Ce que bon nombre de diplomates et de militaires reconnaissent, d’ailleurs. Un échec, malgré les rodomontades de l’état-major, qui annonce, de temps à autre, que des Mirage ou des drones français ont éliminé des chefs terroristes, puis que les soldats de Barkhane ont tué ou fait prisonniers des dizaines et des dizaines de djihadistes.

En réalité, mener une telle guerre (que le général François Lecointre, chef d’état-major, a dit devoir durer encore « de dix à quinze ans ») n’était pas à la portée des milliers de militaires français qui ont campé dans cet immense Sahel depuis huit ans.

Années de guerre sans fin

Une guerre « impossible à gagner » (dixit un haut diplomate). Malgré l’envoi de renforts, en janvier 2020, puis, bientôt, d’un deuxième lot de drones tueurs Reaper et de minidrones de reconnaissance, afin de poursuivre cet antiterrorisme aérien » pratiqué par les Mirage et les hélicoptères Tigre, mais jugé encore « insuffisant ».

Une guerre perdue aussi sur le front de l’opinion, malgré toutes les fausses bonnes nouvelles dont, année après année, on nous rebat les oreilles : « montée en puissance » des armées locales, « efficacité prochaine » de la force africaine du G5 Sahel et arrivée possible, un jour, de quelques dizaines de combattants européens…

Voilà quelques mois, des généraux en arrivaient même à tenir des propos « militairement incorrects » sur l’intervention française, que l’on peut résumer ainsi : « A trop pratiquer cette guerre contre les groupes djihadistes, on ne prépare pas l’armée de terre aux futures guerres de haute intensité. » C’est-à-dire à ces bons vieux conflits internationaux qui, paraît-il, nous pendent au nez.
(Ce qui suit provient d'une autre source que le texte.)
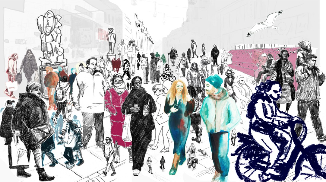 Van 2023 tot 2025 was illustrator en beeldend kunstenaar Babette Wagenvoort de eerste Haagse Stadstekenaar. Zij bracht Den Haag in beeld door bekende en onbekende Haagse plekken te bezoeken waar mensen samenkomen. In haar tekeningen legde zij de ervaringen en belevingen vast van Haagse inwoners. Babette Wagenvoort woont en werkt in Den Haag. Hieronder ziet u een van haar tekeningen.

Mais le général Lecointre, lui, n’a pas de ces pudeurs : « Ce que nos soldats gagnent ici (au Sahel) en aguerrissement, ils le perdent en capacité (sic) à faire de la haute intensité (re-sic) », a-t-il déclaré au « Monde » (17/12).

Macron pourrait-il envisager de réduire les effectifs du contingent Barkhane ?

François Lecointre y serait favorable. Reste que, à en croire des diplomates français et africains, sans le maintien de l’intervention française, un califat aurait déjà été instauré au Mali et au Burkina Faso, où, sous la pression des terroristes, plusieurs milliers d’écoles ont disparu et où leurs enseignants ont dû s’enfuir, quand ils n’ont pas été assassinés.

Dès lors, le risque serait grand de voir des djihadistes s’infiltrer plus aisément qu’aujourd’hui au Niger, en Côte d’Ivoire, au Tchad, voire plus loin encore.

Un espoir cependant : que les groupes terroristes, liés les uns à Al-Qaida et les autres à Daech, continuent de s’étriper comme ils l’ont fait récemment dans le nord du Mali et au Burkina.

Mais qui oserait miser sur ces querelles entre tueurs pour prédire l’avenir du Sahel ?


  • Divergence insoluble entre la France et le Mali ? Les militaires, qui ont pris le pouvoir à Bamako, en août, continuent de négocier avec le Groupe de soutien à l’islam et aux musulmans, lié à Al-Qaida. « Il faut savoir engager le dialogue avec tous les enfants du Mali, sans exclusive », se justifie le Premier ministre malien. Or, comme l’ont déclaré Macron, Le Drian, Parly et le général Lecointre, la chasse à ces djihadistes, qui veulent instaurer la charia et continuer à pratiquer les excisions (80 % des Maliennes en ont déjà été victimes), se poursuivra.